# Check out this plaster crew!! Wow!!



## Tim0282 (Jan 8, 2008)

This is one tough tender!!


----------



## Mudstar (Feb 15, 2008)

Almost makes sense 

You have to get it up there some how 


JS


----------



## rebel20 (Jun 4, 2009)

quite a tempo

As a helper in the 70's used to have to through the texas rock to the guy on the roof for the chimney. after three days of that you know you been working.

rebel


----------



## joepro0000 (Jun 14, 2008)

yea but look at how much he is losing in the air. I bet its a mess all over the floor. Why not get some buckets and send them up.


----------



## Tim0282 (Jan 8, 2008)

Exterior palster. AKA stucco...


----------



## rhardman (Jul 7, 2009)

Gotta respect that! 

My dad told the story of a tract project in California he was involved in where the stucco guys were spraying with a big Thompson rig shooting through the window openings (not installed yet) and covered the drywall. After much yelling without any improvement the drywall guys shoveled seed into their sand one night. The project was done and pretty...until later when the walls started to sprout...:jester:


----------



## Tim0282 (Jan 8, 2008)

Seriously?!!? Would it really sprout through the mud?
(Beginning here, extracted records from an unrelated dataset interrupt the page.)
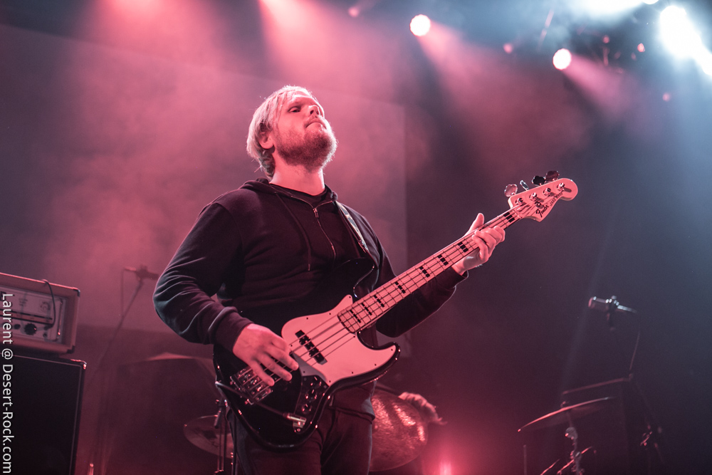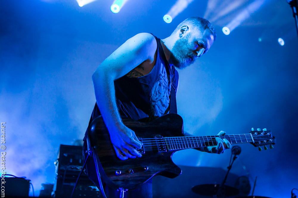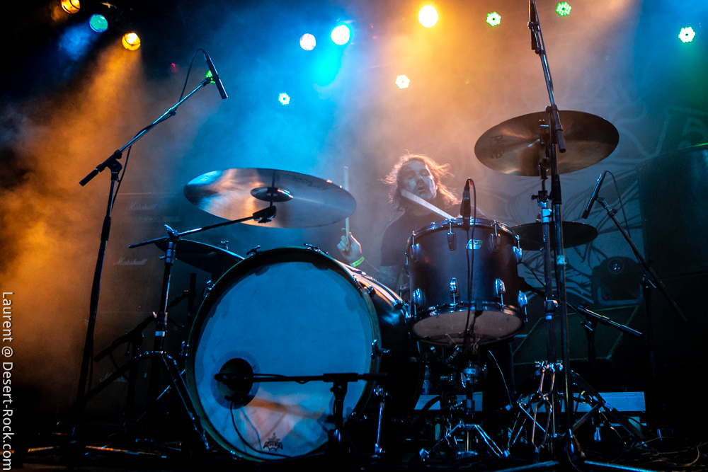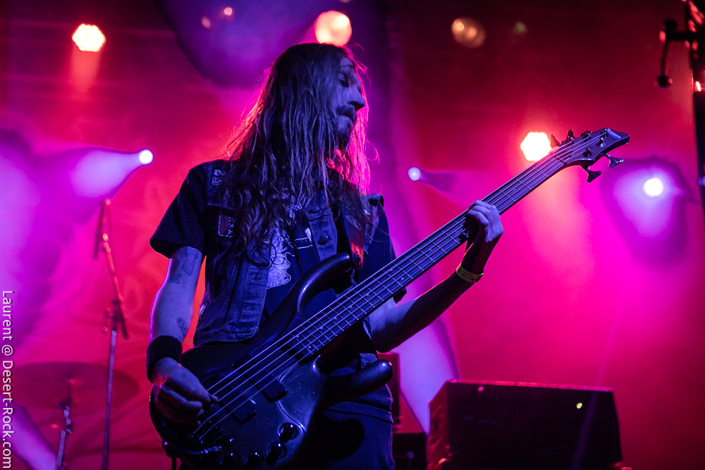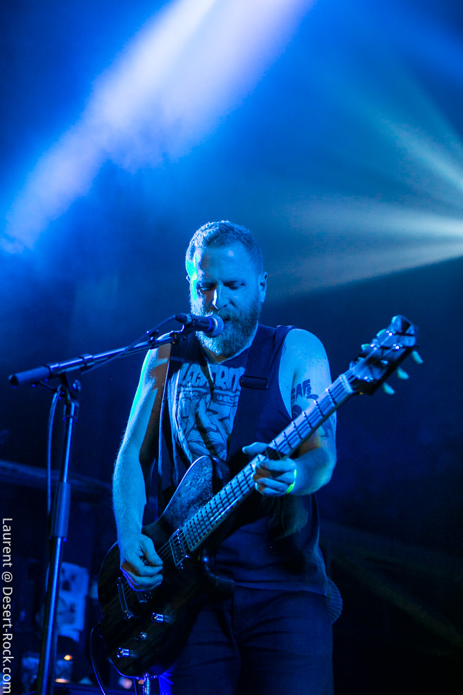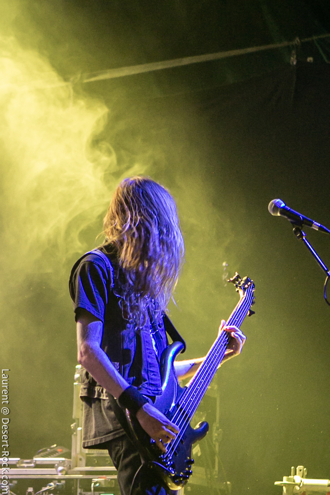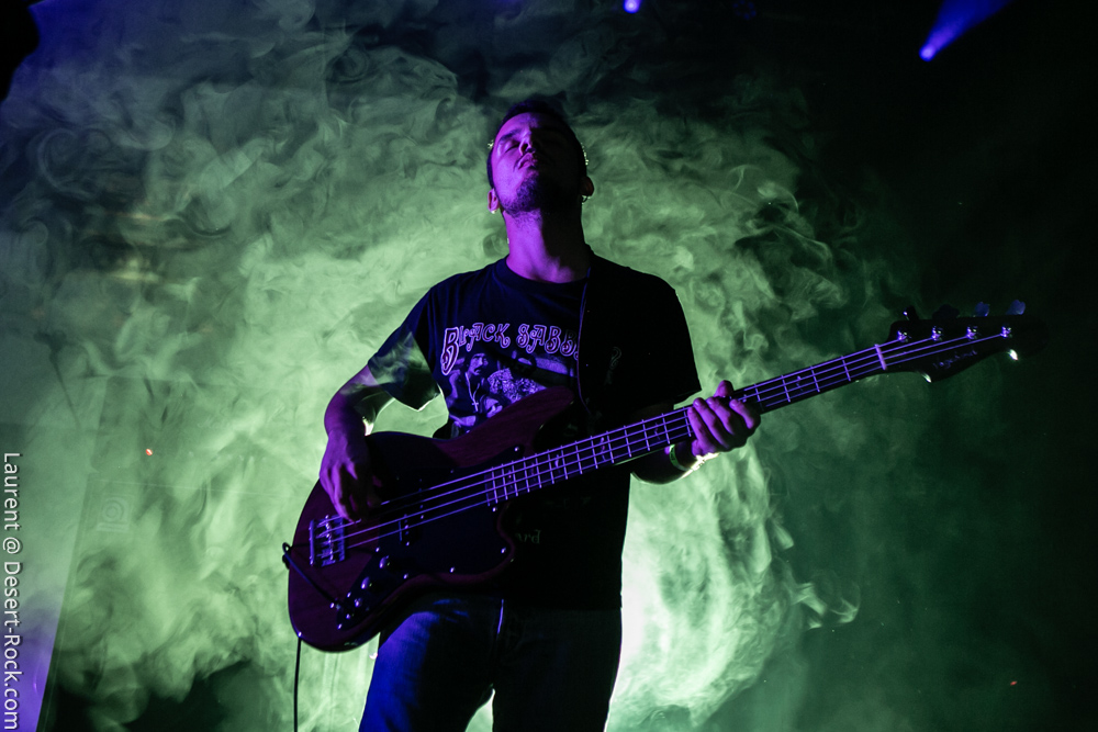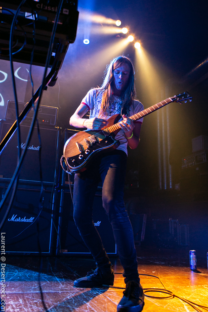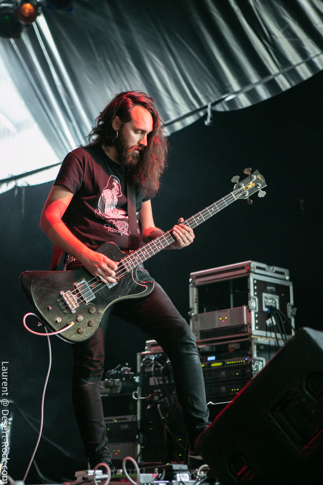 Elder sera le premier acte du quinté de folie qui a animé cette dernière journée de la manifestation (réjouissez-vous les enfants : on passe à trois jours dès l’an prochain). Le public était chaud bouillant pour cette suite d’anthologie et lorsque le – désormais – quatuor de Boston a ramené ses miches sur scène il régnait une ambiance des plus électriques dans la halle. Du côté de vos envoyés sur place c’était aussi la fête du slip vu que la prestation berlinoise à laquelle nous avions assisté il y a quelques mois nous avait bien laissé sur le cul ! Il faut dire que nous sommes assez fans de la bande de Nick DiSalvo (certainement pas le nom le plus simple à porter à Boston vu la proximité sonore avec Albert) et que la formule en quatuor qui nous avait tant fait nous interroger avant de la jauger sur pièce avait fini par nous convaincre. La foule des grands jours était au rencard et Elder a déroulé le grand jeu une heure durant en misant sur son jovial bassiste, Jack Donovan, pour assurer la partie un peu plus visuelle du spectacle tant ses compères sont focalisés sur la technique qu’ils déploient live. Tout comme d’habitude, le groupe de la Nouvelle-Angleterre a été ahurissant et comme à l’accoutumé nous avons été envoûtés par leur prestation dont le point d’orgue a été une nouvelle fois « Compendium » : l’énorme composition qui a largement contribué à placer Lore parmi les productions qui ont marqué le renouveau du style que nous chérissons en le désamarrant de ses ports d’attache scandinave ou californiens originels. Merci à ces lascars : ils sont magiques !
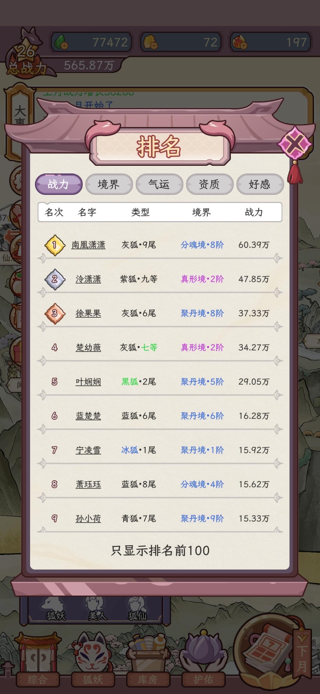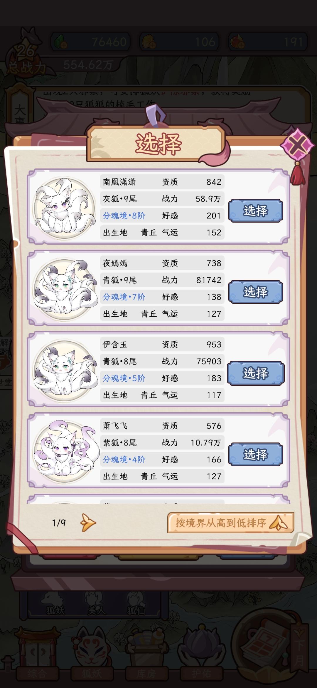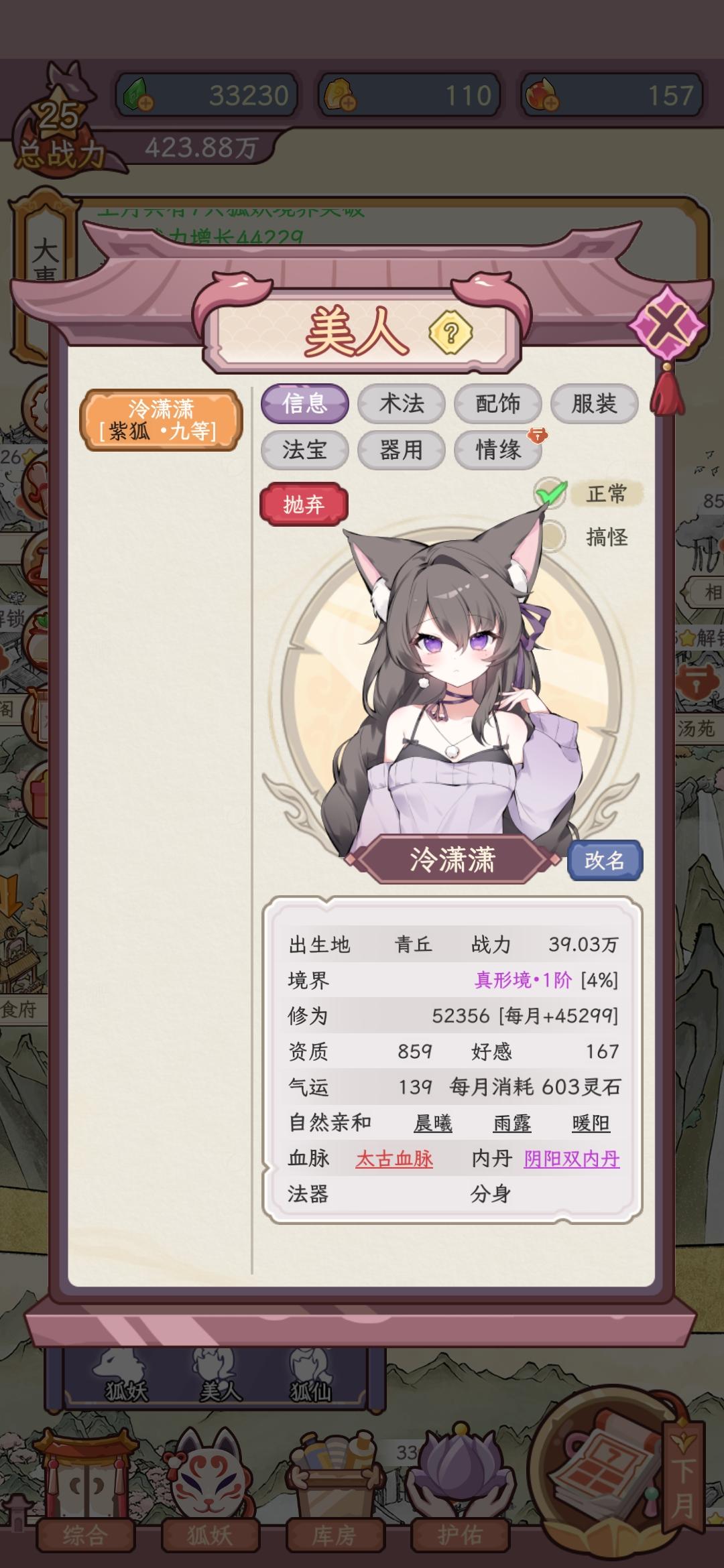 我个人玩了一段时间,发现养的狐狸越多,需要的广告越多,而且化形不是越早越好,因为,在有一段时间美人的培养方式还没有,纯是每天自己修炼,个人推荐还是每种狐狸各一只,不要像我一样养了70多只狐狸,广告已经看的烦了
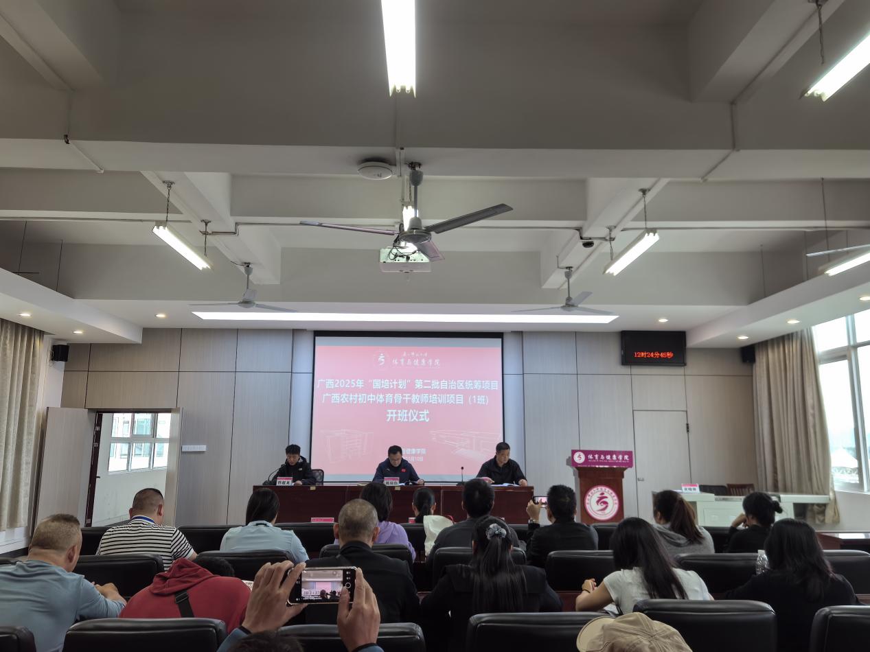 为落实自治区教育厅提升中小学体育教师专业能力要求,加强农村初中体育教师队伍建设、推动校园排球普及,2025年“国培计划”第二批自治区统筹项目——广西农村初中排球骨干教师培训项目1班于11月10日在广西师范大学体育与健康学院顺利开班。学院副院长(主持行政工作)姚绩伟教授,副院长谢伟教授,及来自广西各市县的48名农村初中体育骨干教师参会,开班仪式由培训部主任曾超龙主持。
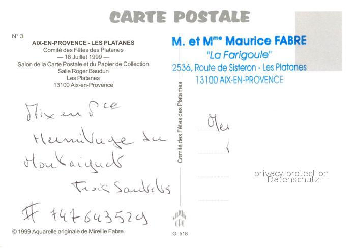 13535378 Aix-en-Provence Fêtes des Platanes Kuenstlerkarte postalisch nicht gelaufen Erhaltung siehe scans [FriedD77] KatCode: 11170013113001
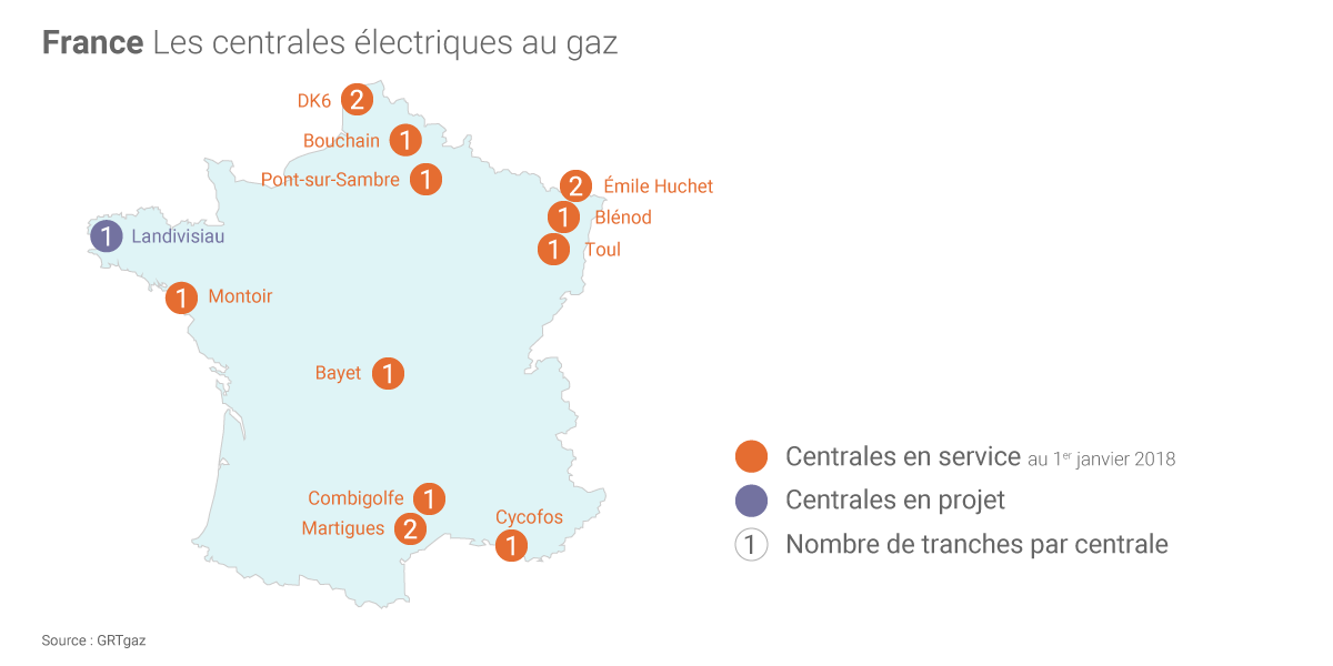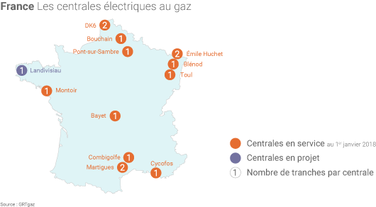 La France compte actuellement «14 tranches de cycles combinés à gaz raccordées au réseau de GRTgaz », une centrale supplémentaire étant en projet à Landivisiau en Bretagne, rappelle GRTgaz. Ces centrales ont été davantage sollicitées en 2017 pour compenser l'indisponibilité de tranches nucléaires l’hiver dernier (avec 15 jours très froids notamment en janvier) et la baisse de la production hydroélectrique.

Hmmm... what goes around comes around? :thumbup:


----------



## drywall guy158 (Dec 31, 2009)

l.o.l. i have seen some drywall finishing that looks like that's how the screws were spotted !!


----------



## 2buckcanuck (Jul 9, 2010)

I was expecting some hot babes in bikinis with the title of your thread,do you got any of those crews you can post??:jester:


----------